In the most extreme cases, the unencrypted values never leave the client. The database can concentrate on delivering storage and fast query answers without paying much attention to issues of security. Clients don't need to trust the database because they control the encryption.

I see this as more about fundamental trust.. confidentiality from the service providers, not compliance
To be fair: the Compliance Regime didn't invent any of the technologies they create frameworks around, and if we followed every compliance framework's recommendations to a T, the systems produced would by-and-large be insecure. They paint with an extremely large brush; and its a toss-up whether the auditor has even been involved in anything technology-related beyond auditing for, well, decades. There's good ones and bad ones, but the integrity of many audit processes relies to a significant degree on the goodwill of the SMEs of the systems and processes being audited.

Just as a dumb example; an auditor says passwords need to be hashed with bcrypt. They find a code sample that says "store(bcrypt(password))". Awesome; complied to a T. But true security goes beyond that: are we using a library for bcrypt, or an internal implementation? Is the internal implementation well-implemented? Is the library free of CVEs (maybe they check that)? Did we trace that call to ensure the data generated is what is inserted to the db, or was it intercepted by some middleware?

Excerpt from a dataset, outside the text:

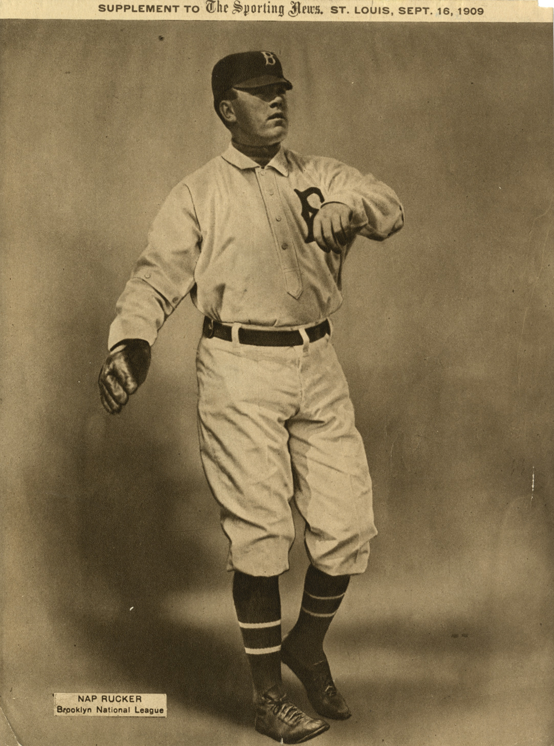 Favorite this☆ Nap Rucker Description: Portrait of Nap Rucker, pitcher for the Brooklyn Superbas. Printed on front: "Nap Rucker, Brooklyn National League. Supplement to the Sporting News, St. Louis, Sept. 16, 1909." Details Resource ID: hr003641 Subject: Rucker, Nap (George), 1884-1970 Pitchers (Baseball)--New York (State)--New York Baseball teams--New York (State)--New York Photographic prints Date Issued: 1909 Format: 1 photographic print ; 10 x 7.25 in. Member of: Ernie Harwell Sports Collection Filing Location: Photographs-Biography-Rucker, Nap Rights: Physical rights are retained by DPL. Copyright is retained in accordance with U.S. copyright laws.

Did we name that function 'bcrypt' but its actually just MD5?

My point is really not to assert that auditing is pointless, but rather its fundamentally limited in what kind of attestations it can make.

One great example I can pull from a few recent audits I've been through: serverless tech like Fargate. This oftentimes blows auditors away (or, rather, it used to; nowadays they've seen it so often that they just know). It checks so many boxes. They'll present multi-page forms about data center colos and operating system security and operator SSH access and we'll say "We use Fargate". "Oh nice, ok we can check all of these and carve out with AWS's attestation for (ComplianceFrameworkX)". It saves hours, days, of time.

That's, I think, where homomorphic encryption can go. That isn't what this is, but it's a step toward that. It's not about meeting today's compliance frameworks; it's about evolving the framework. And, in the interim, as advanced R&D teams meet these auditors, they'll educate-up how, yeah, you've got a lot of questions here, but its not that we do or don't meet them: its that they're fundamentally the wrong questions to ask; but we understand the spirit, here's how we meet the spirit, and here's how we're actually better than if we had just checked Yes on all of them.

Third example: years ago, our team was the first time our auditor had ever seen LetsEncrypt and k8s certificate-manager (then it was called kube-lego). He wanted an attestation that TLS certificates were current and not near-expiration. We countered: they can't be near-expiration, because we have automated systems which renew them. He'd never seen anything like it; he was used to expensive certificates and operations runbooks for renewal; and we nerded out for ten minutes showing it all off. Instead of documenting a runbook for renewing certificates, he documented our runbook for maintaining this automated service and ensuring uptime. Win-win.

Its a slow process, and its made even slower because there are tons of people in the industry who treat the frameworks as gospel. But, ultimately; we control the technology, not them. We decide what is secure; they just attest to it and double-check.